HOW TO COMPLETE THIS TASK >>
With the pictures set aside, return the lines below exactly, beginning at the first and ending at the line containing "이세현 기자】 연수구는".

[Saved data entries]
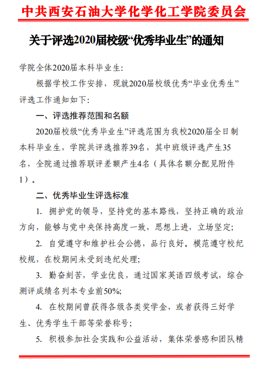 【评奖评优】关于评选2020届校级“优秀毕业生”的通知
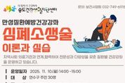 【뉴스라이트 = 이세현 기자】 연수구는 지역 주민과 만성질환자의 건강관리 능력 향상과 응급상황 대처능력 강화를 위해 다음 달 10일 오후 2시 송도건강생활지원센터에서 ‘만성질환 예방 건강강좌–심폐소생술 교육’을 실시한다. 이번 교육은 송도건강생활지원센터 2층 보건교육실에서 진행되며, 만성질환자와 주민 30명을 대상으로 진행한다. 교육은 인천소방본부 송도소방서와 함께 ▲심폐소생술의 중요성, ▲증상별 응급상황 대처법, ▲심폐소생술 실습 등 실질적인 내용으로 구성됐다. 교육 신청은 이달 22일부터 11월 5일까지 선착순으로 진행되며, 연수구청 누리집 ‘연수문화포털’에서 인터넷 접수하거나 전화로 신청할 수 있다. 송도건강생활지원센터 관계자는 “심폐소생술은 위급한 순간 생명을 구할 수 있는 중요한 기술”이라며, “이번 교육이 응급상황에 주민들이 침착하고 정확하게 대처할 수 있는 역량을 높이는 계기가 되길 바란다.”라고 말했다.
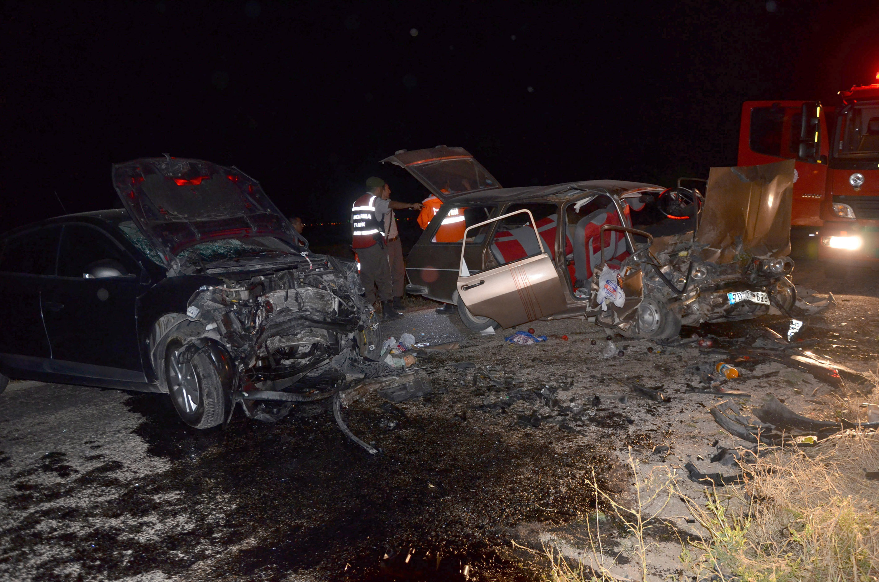 Karaman'da iki otomobilin kafa kafaya çarpışması sonucu 2 çocuk hayatını kaybetti, 4 kişi yaralandı.Kaza, merkeze bağlı Yuvatepe köyü yakınlarında meydana geldi. Edinilen bilgiye göre, İbrahim Çevik (39) yönetimindeki 70 DU 628 plakalı otomobil ile Sefa Avcı (22) idaresindeki 70 AU 015 plakalı otomobil kafa kafaya çarpıştı. Kazada 70 DU 628 plakalı otomobilde bulunan henüz 6 aylık olan Elif ile 10 yaşındaki Melike Çelik, olay yerinde hayatını kaybetti, her iki aracın sürücüsü ile Ayşe Çelik (37) ve Gizem Çelik (4) yaralandı. Yaralılar ambulansla Karaman Devlet Hastanesi'ne kaldırılarak tedavi altına alındı.
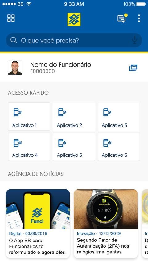 O BB para Funcionários é um super app corporativo que traz agilidade ao dia a dia de gerentes e especialistas em negócios. Com ele, o funcionário ganha liberdade para visitar e atender o cliente como dono. Algumas funcionalidades podem ser sincronizadas com o WearOS.
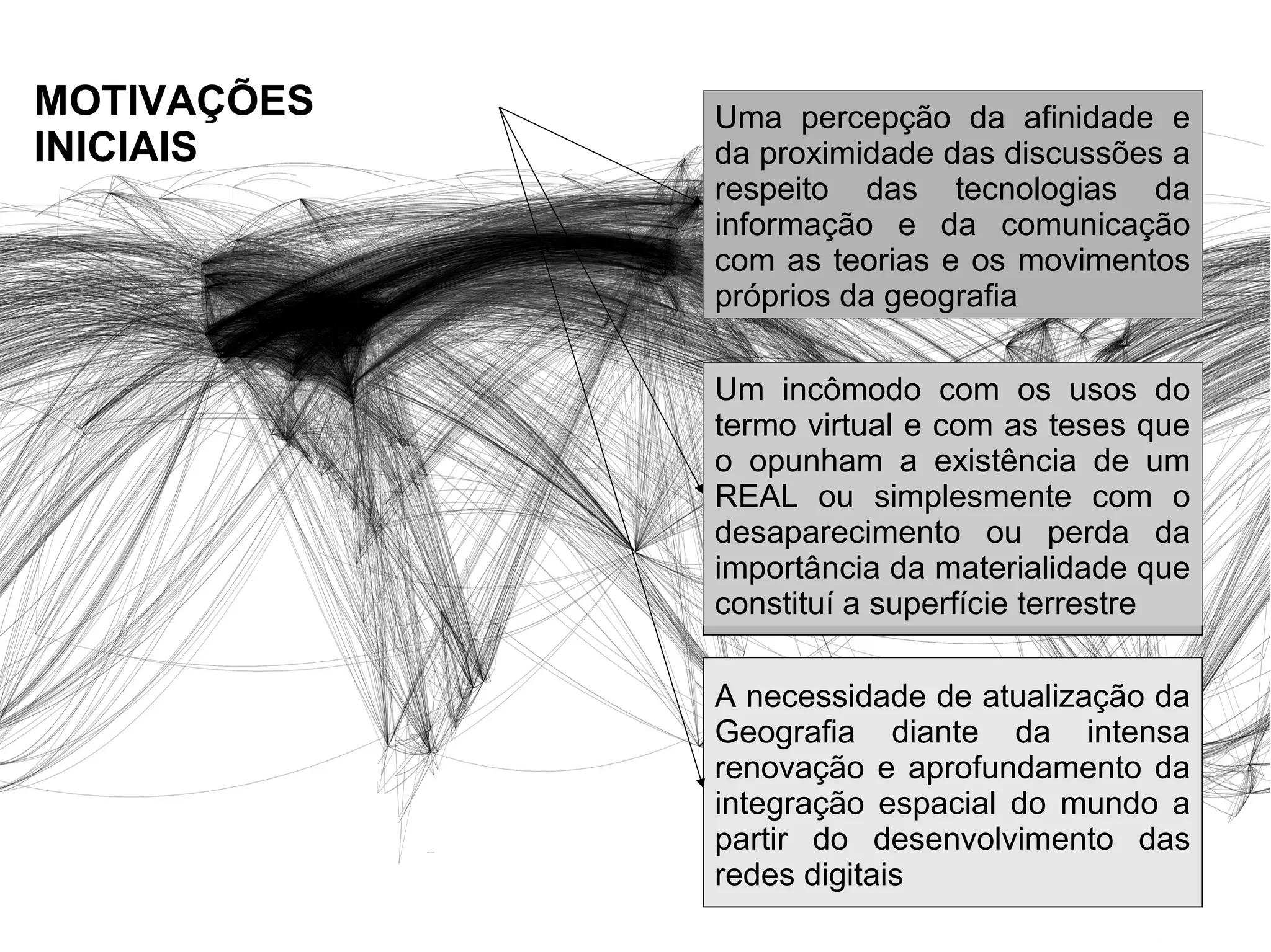O documento discute as motivações iniciais e objetivos de atualizar a geografia à luz do desenvolvimento das redes digitais. Seu objetivo é atualizar o conceito de redes na geografia e demonstrar como as redes digitais mudaram a integração espacial do mundo e criaram novos contextos geográficos.

RESULT OF THE TASK >>
 【评奖评优】关于评选2020届校级“优秀毕业生”的通知
 【뉴스라이트 = 이세현 기자】 연수구는 지역 주민과 만성질환자의 건강관리 능력 향상과 응급상황 대처능력 강화를 위해 다음 달 10일 오후 2시 송도건강생활지원센터에서 ‘만성질환 예방 건강강좌–심폐소생술 교육’을 실시한다. 이번 교육은 송도건강생활지원센터 2층 보건교육실에서 진행되며, 만성질환자와 주민 30명을 대상으로 진행한다. 교육은 인천소방본부 송도소방서와 함께 ▲심폐소생술의 중요성, ▲증상별 응급상황 대처법, ▲심폐소생술 실습 등 실질적인 내용으로 구성됐다. 교육 신청은 이달 22일부터 11월 5일까지 선착순으로 진행되며, 연수구청 누리집 ‘연수문화포털’에서 인터넷 접수하거나 전화로 신청할 수 있다. 송도건강생활지원센터 관계자는 “심폐소생술은 위급한 순간 생명을 구할 수 있는 중요한 기술”이라며, “이번 교육이 응급상황에 주민들이 침착하고 정확하게 대처할 수 있는 역량을 높이는 계기가 되길 바란다.”라고 말했다.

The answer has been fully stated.